Questa scelta, sebbene opzionale, può rivelarsi molto utile per fissare in modo certo la data di arrivo e gestire con maggiore precisione i termini di appuramento.
Yacht privati e commercial yacht: le regole non sono le stesse
Un altro chiarimento fondamentale riguarda la distinzione tra yacht ad uso privato e commercial yacht.
Finora, molte indicazioni operative si riferivano esclusivamente alla nautica privata, ma ora ADM puntualizza che i commercial yacht, cioè le imbarcazioni utilizzate per attività economiche, devono rispettare regole diverse.
In particolare, mentre per gli yacht privati i riferimenti rimangono quelli già forniti dalla Circolare 20D/2022, per i commercial yacht si applicano i termini di appuramento previsti dall’articolo 217, lettera b), del Regolamento Delegato.
Questo significa che, dopo eventuali soste per manutenzione, un commercial yacht deve riprendere effettivamente l’attività commerciale per poter proseguire nel regime di ammissione temporanea.
Manutenzioni e riparazioni: sì agli interventi ordinari, no a modifiche strutturali
Un altro tema molto sentito dagli operatori è quello della manutenzione e delle riparazioni delle imbarcazioni durante il periodo di ammissione temporanea.
La nuova circolare conferma che sono assolutamente ammesse tutte le attività di manutenzione ordinaria, comprese le piccole riparazioni, purché non comportino:
- modifiche strutturali all’imbarcazione,
- miglioramenti delle prestazioni,
- aumenti significativi del valore del bene.
Questo vale sia che i lavori vengano svolti in cantiere sia che vengano effettuati in rada.
E, punto molto importante, non è necessario prestare una garanzia come invece avverrebbe se si ricorresse al regime di perfezionamento attivo.
Dotazioni di bordo estere: attenzione al transito e all’appuramento
Un altro tema chiarito riguarda la gestione delle dotazioni di bordo provenienti da paesi terzi, spesso utilizzate per riparazioni o aggiornamenti.

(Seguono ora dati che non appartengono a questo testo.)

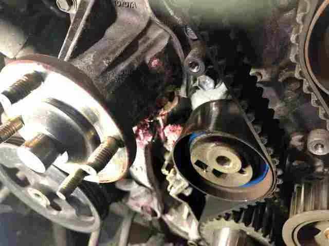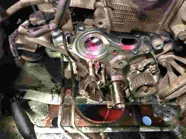 タイミングベルトを外しました。走行10万KM定期交換部品です。今回はウオーターポンプも交換します。これでクーラントの漏れも収まります。
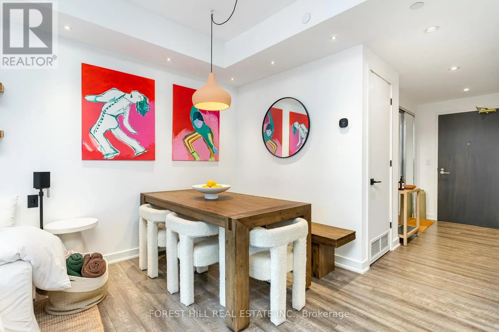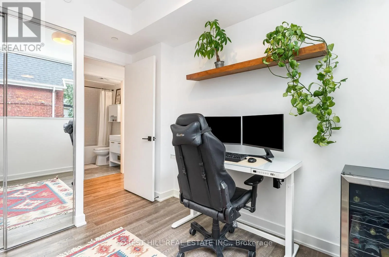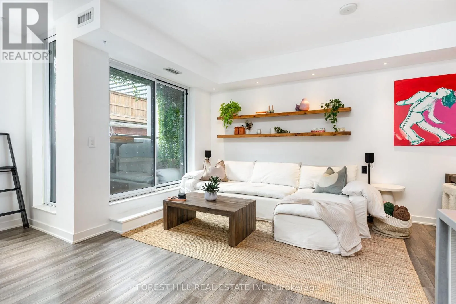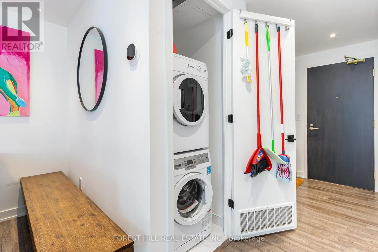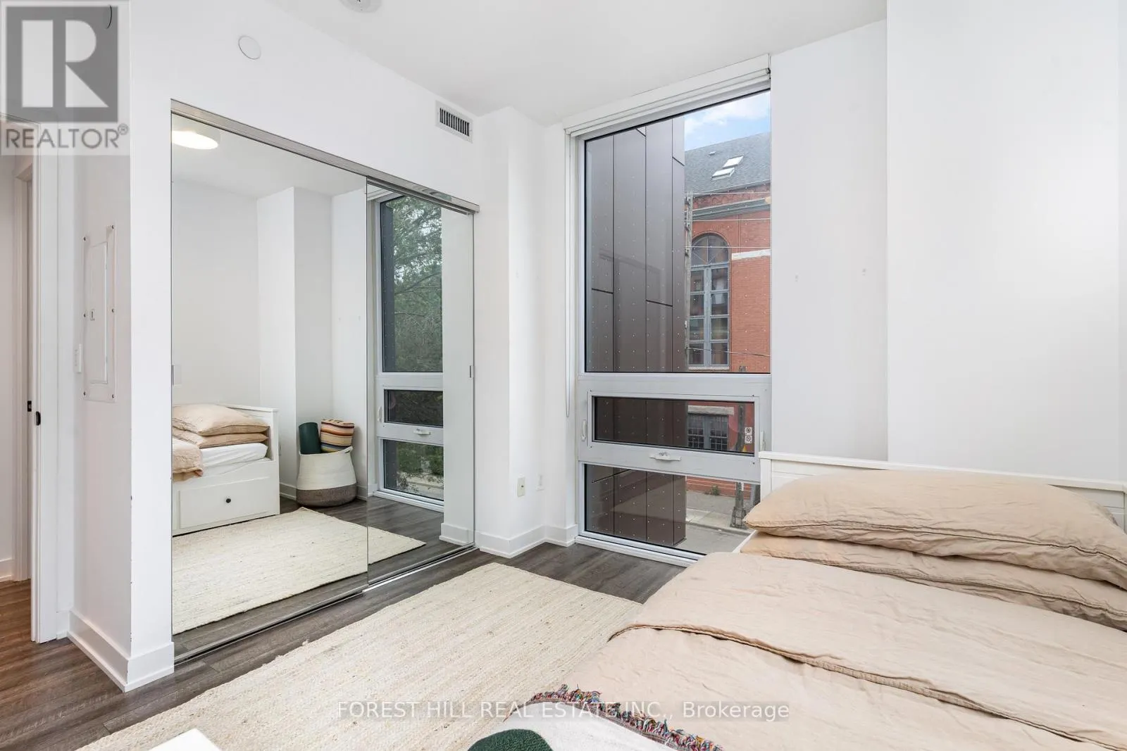 Cross Streets: Queen St / Dovercourt. ** Directions: -. This exceptional corner suite in the boutique Ten93 Queen West building offers a refined urban living experience in the heart of Trinity Bellwoods. Spanning over 1,000 square feet, the open-concept layout features 9-foot ceilings, 13 pot lights, hardwood floors, and expansive floor-to-ceiling windows that fill the space with natural light. The designer kitchen is equipped with built-in appliances, quartz countertops, and a stunning waterfall island-perfect for entertaining. Both spacious bedrooms feature custom closets, while the main living area flows seamlessly to a private balcony, creating a stylish and inviting retreat. Ideally located just steps from Queen Street West, TTC transit, Trinity Bellwoods Park, top-rated schools, trendy boutiques, cafes, and vibrant nightlife, this residence offers the ultimate in convenience and lifestyle. Building amenities include concierge service, a fitness center, bike storage, a party room, visitor parking, and a rooftop patio with panoramic city views and barbecue facilities. A rare opportunity to experience sophisticated city living at its finest! (id:27476)
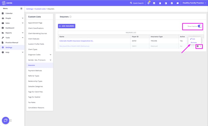 - Click the gear icon in the last column next to an inactive insurer you want to activate
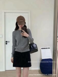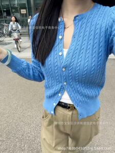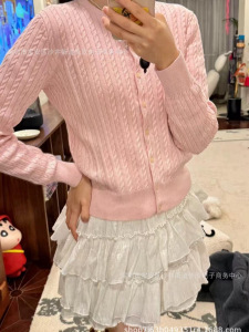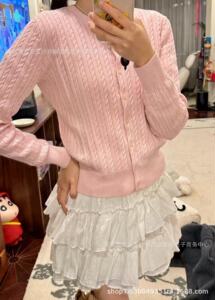 2025秋季新款女大童小马标刺绣圆领小麻花绞花针织开衫女外套
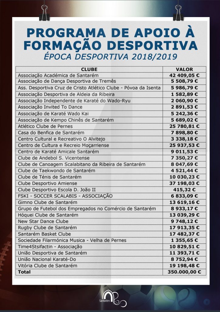 A Câmara Municipal de Santarém vai distribuir um apoio de 350 mil euros aos clubes do concelho. A proposta foi aprovada em Reunião do Executivo na passada segunda-feira, dia 6 de Maio.
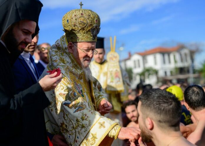 Ο Οικουμενικός Πατριάρχης Βαρθολομαίος Ι ευλογεί έναν Έλληνα ορθόδοξο κολυμβητή κατά τις εορταστικές εκδηλώσεις των Θεοφανείων στην Κωνσταντινούπολη στις 6 Ιανουαρίου 2024. Ανάλογες εκδηλώσεις για τα Θεοφάνεια πραγματοποιούνται σε όλη τη χώρα και την περιοχή σε όχθες ποταμών, παραθαλάσσιες περιοχές και λίμνες. (Φωτογραφία: YASIN AKGUL / AFP)
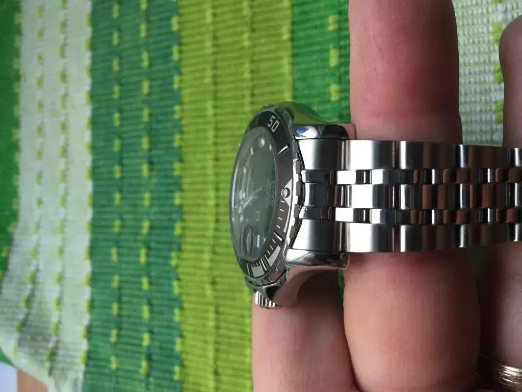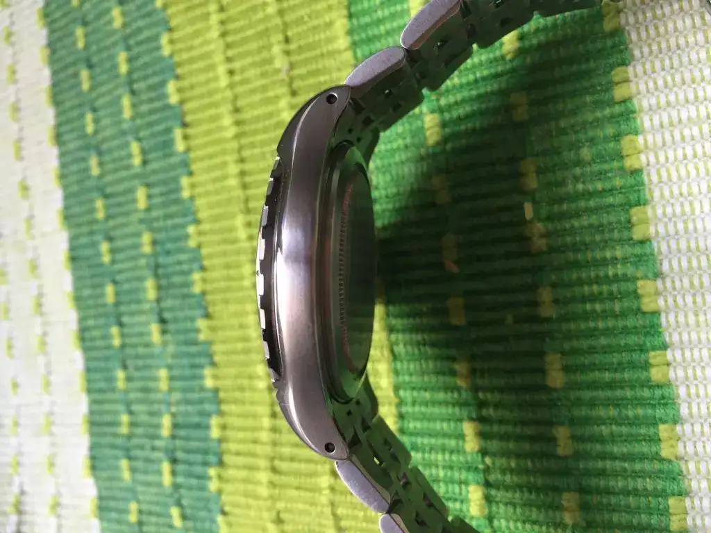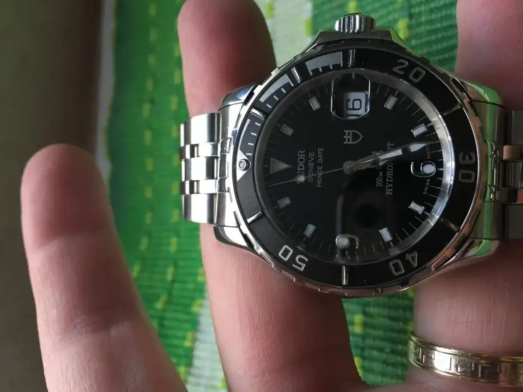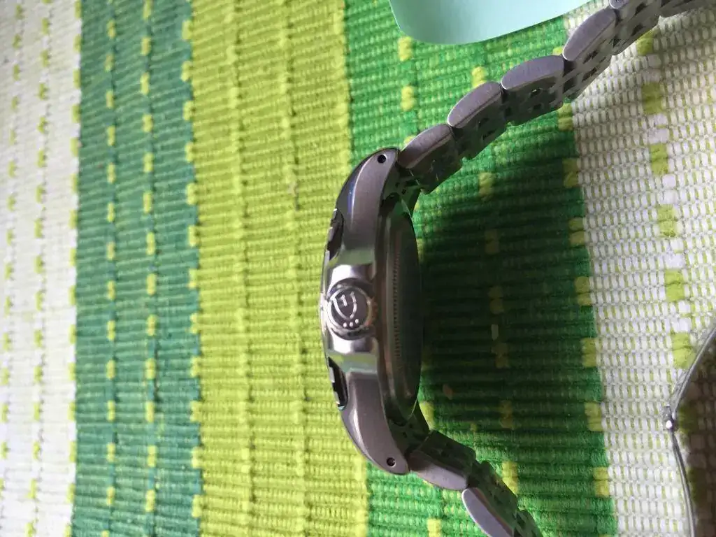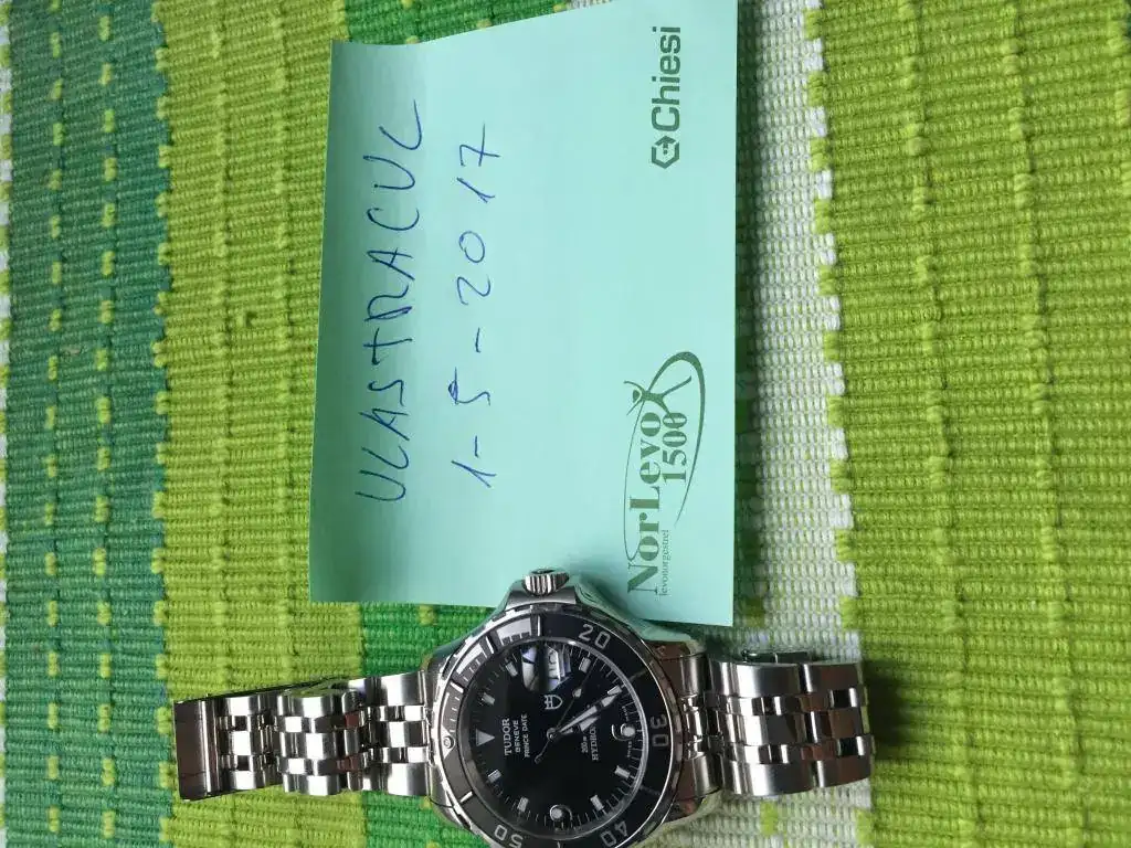 Buenos días compañeros,saco para venta/cambio este Tudor Hydronaut ref:89190p,es una versión extraña(es el único que conozco con los números 6/9 en la esfera y el emblema de Tudor al lado de la lupa).El reloj pasó en diciembre del 2016 una revisión completa en el servicio Rolex/Tudor con pulido incluido.El estado del reloj es muy bueno..solo hay dos cosas que reseñar(la carrura está abollada en el lado contrario a La Corona,y uno de los protectores de La Corona por su parte inferior está golpeado)ambas cosas con el reloj puesto no se ven,en el servicio técnico Rolex me ofrecieron cambiar la carrura por una de servicio,a lo que me negué.Su estado aparte de esos detalles es perfecto y la marcha diaria en Cosc(3/4" día de adelanto)

Se la merce arriva sotto regime di transito esterno, il transito dovrà essere regolarmente concluso presentando la merce alla dogana di destinazione o a un destinatario autorizzato.
Entro sei giorni, sarà poi necessario vincolare la merce a un nuovo regime doganale: ammissione temporanea o, se i lavori sull’imbarcazione rientrano nel perfezionamento attivo, direttamente a quest’ultimo regime.
Per procedere correttamente, la dotazione di bordo dovrà essere documentata tramite il formulario allegato 71-02 RD e registrata a bordo o presso il cantiere responsabile.
Navi da diporto di nuova costruzione: prova dell’uscita
Per le navi da diporto di nuova costruzione destinate all’esportazione, ADM ribadisce che le modalità per provare l’uscita dal Territorio Doganale dell’Unione rimangono quelle già stabilite con la Circolare 14/D/2016.
Nessuna novità, quindi, su questo fronte: si continua a seguire la procedura già conosciuta dagli operatori.
La Circolare n. 8/2025 conferma in buona parte il quadro normativo esistente, ma introduce alcune precisazioni decisive per evitare errori operativi, soprattutto nel caso di commercial yacht e nell’utilizzo di dotazioni di bordo estere.
Per chi opera nel settore nautico, conoscere e applicare correttamente queste regole è essenziale per garantire una gestione fluida delle procedure doganali e per evitare sanzioni o contestazioni in fase di appuramento.
In sintesi: più attenzione alla distinzione tra yacht privati e commerciali, semplificazioni per la manutenzione ordinaria, e rigore nel gestire correttamente le dotazioni di bordo provenienti da paesi terzi.